Items from a dataset:
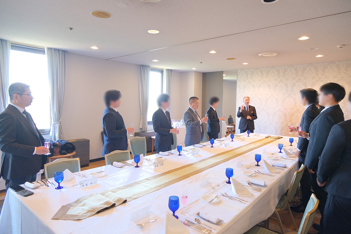 式典後は会場となったホテルにてコース料理をいただきながら、和やかな雰囲気でみなさんと交流を深めました。
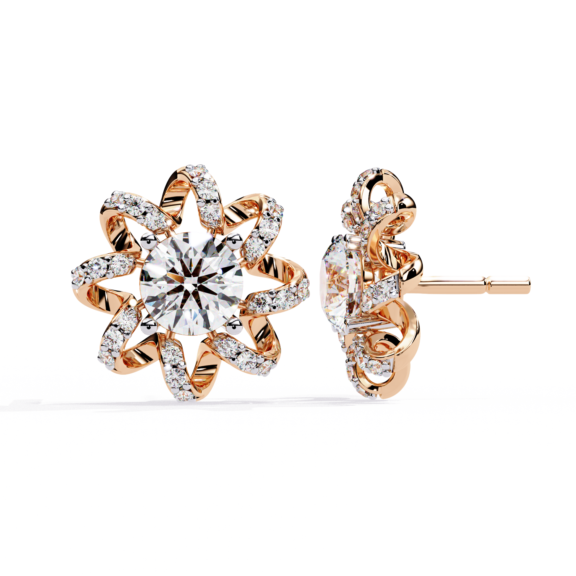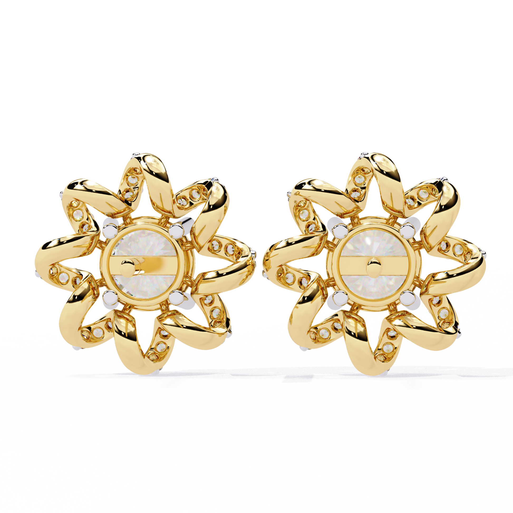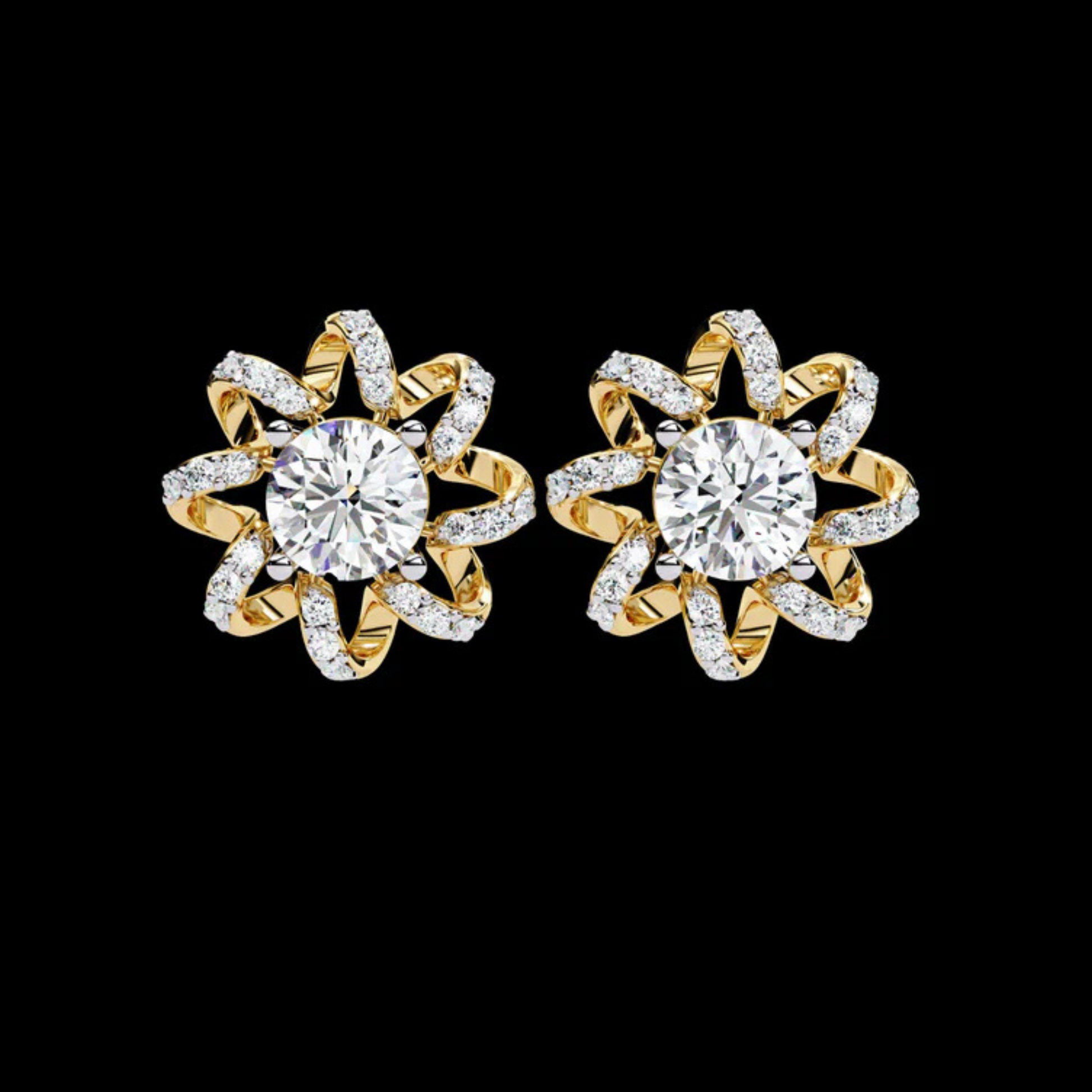 The Radiant Bloom Diamond Stud Earrings by Ivevar Luxury Jewels capture the essence of eternal elegance and luminous beauty. Crafted in brilliant yellow gold, each earring unfolds like a sculpted floral masterpiece, where interwoven diamond-studded loops embrace a magnificent round-cut centerpiece. The intricate petal motif radiates timeless charm and modern sophistication, creating a captivating play of light with every movement. A symbol of grace, strength, and refined femininity, these earrings are the perfect embodiment of luxury reimagined through artistry and brilliance.
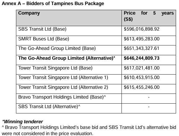 Go-Ahead awarded Tampines bus package after tender last Dec
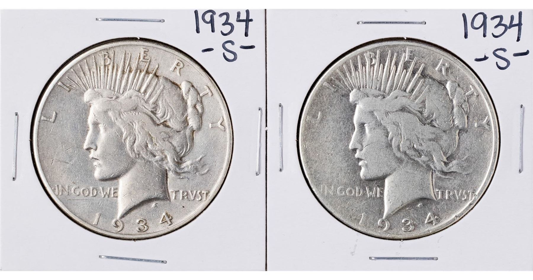 One Lot of (2) 1934-S $1 Peace Silver Dollar Coins.
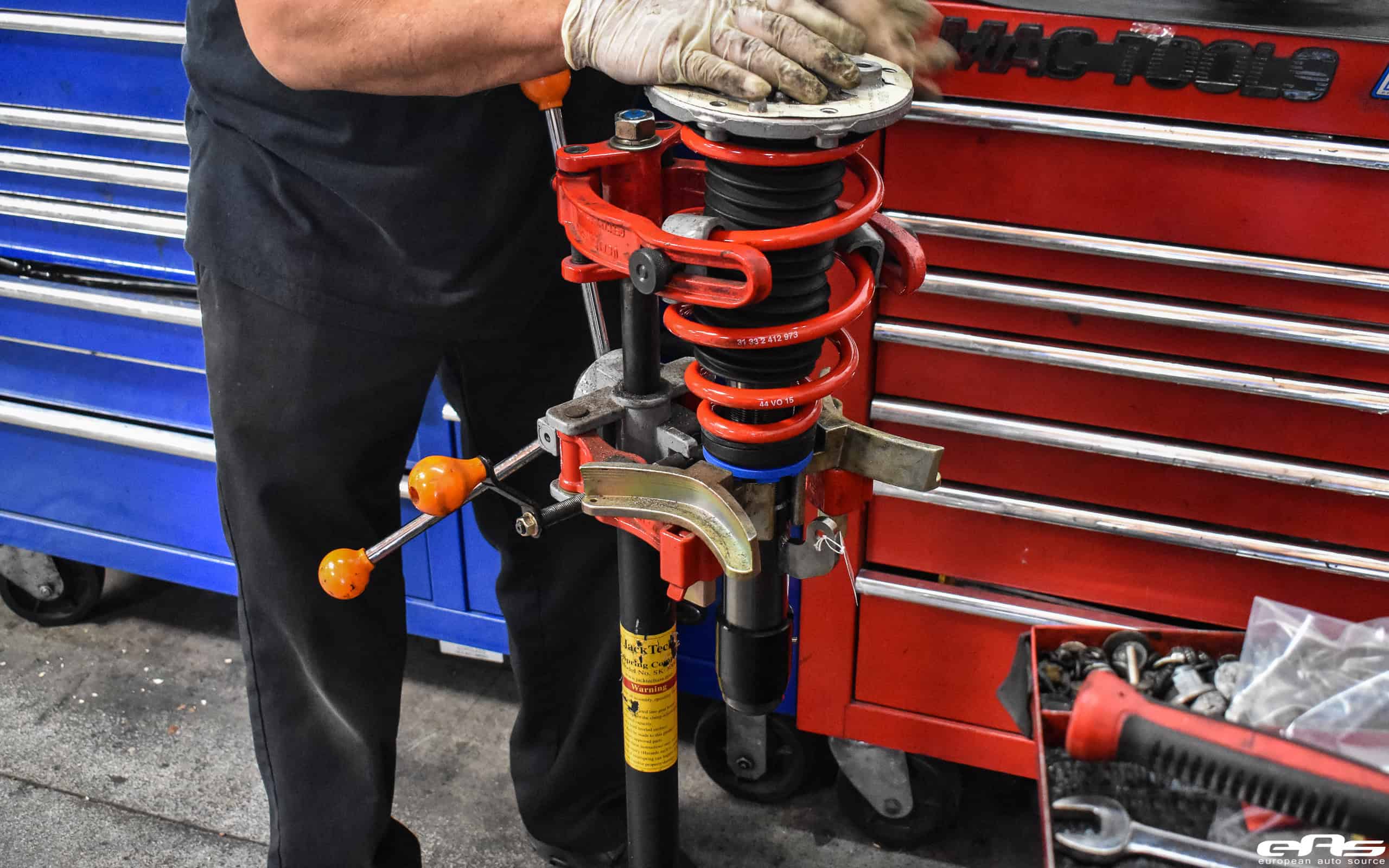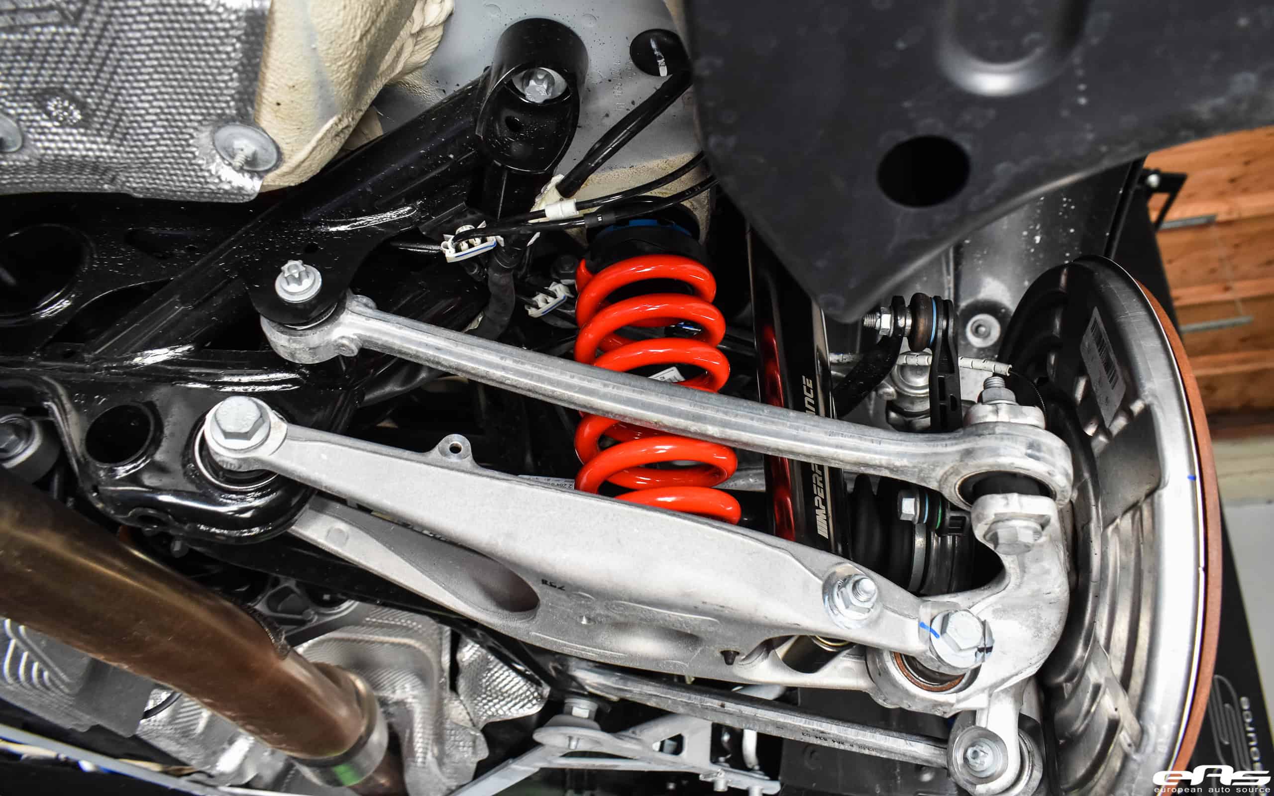 First, the technicians installed a BMW M Performance carbon fiber trunk spoiler, a gloss black marker set and a rear diffuser. While not much, the carbon fiber really sets off the exterior and gives it a motorsport-inspired theme. The cosmetic updates are joined by a BMW M Performance coilover set. For the first time ever, BMW M Performance is offering a fully height adjustable coil-over suspension system with independent bump and rebound adjustments within this package. With spring-rates that are approximately 40% stiffer than stock, you can be sure that the M Performance Coil-over Suspension system helps turn any road into your personal playground.
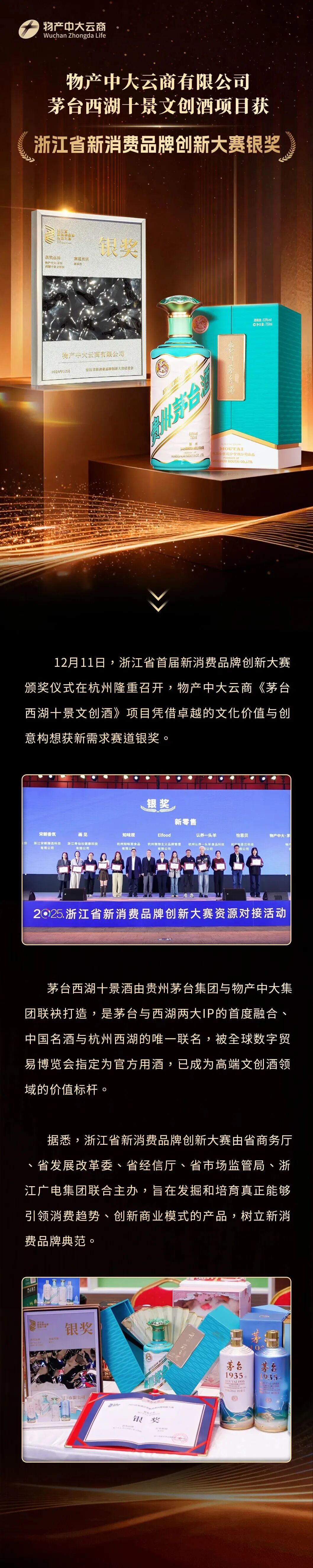 【物产中大云商】喜报!物产中大云商茅台西湖十景文创酒项目获浙江省新消费品牌创新大赛银奖

TASK TO COMPLETE
Set down the entries shown above once more, exactly as they read, but without pictures.

SOLUTION TO THIS TASK
 式典後は会場となったホテルにてコース料理をいただきながら、和やかな雰囲気でみなさんと交流を深めました。
 The Radiant Bloom Diamond Stud Earrings by Ivevar Luxury Jewels capture the essence of eternal elegance and luminous beauty. Crafted in brilliant yellow gold, each earring unfolds like a sculpted floral masterpiece, where interwoven diamond-studded loops embrace a magnificent round-cut centerpiece. The intricate petal motif radiates timeless charm and modern sophistication, creating a captivating play of light with every movement. A symbol of grace, strength, and refined femininity, these earrings are the perfect embodiment of luxury reimagined through artistry and brilliance.
 Go-Ahead awarded Tampines bus package after tender last Dec
 One Lot of (2) 1934-S $1 Peace Silver Dollar Coins.
 First, the technicians installed a BMW M Performance carbon fiber trunk spoiler, a gloss black marker set and a rear diffuser. While not much, the carbon fiber really sets off the exterior and gives it a motorsport-inspired theme. The cosmetic updates are joined by a BMW M Performance coilover set. For the first time ever, BMW M Performance is offering a fully height adjustable coil-over suspension system with independent bump and rebound adjustments within this package. With spring-rates that are approximately 40% stiffer than stock, you can be sure that the M Performance Coil-over Suspension system helps turn any road into your personal playground.
 【物产中大云商】喜报!物产中大云商茅台西湖十景文创酒项目获浙江省新消费品牌创新大赛银奖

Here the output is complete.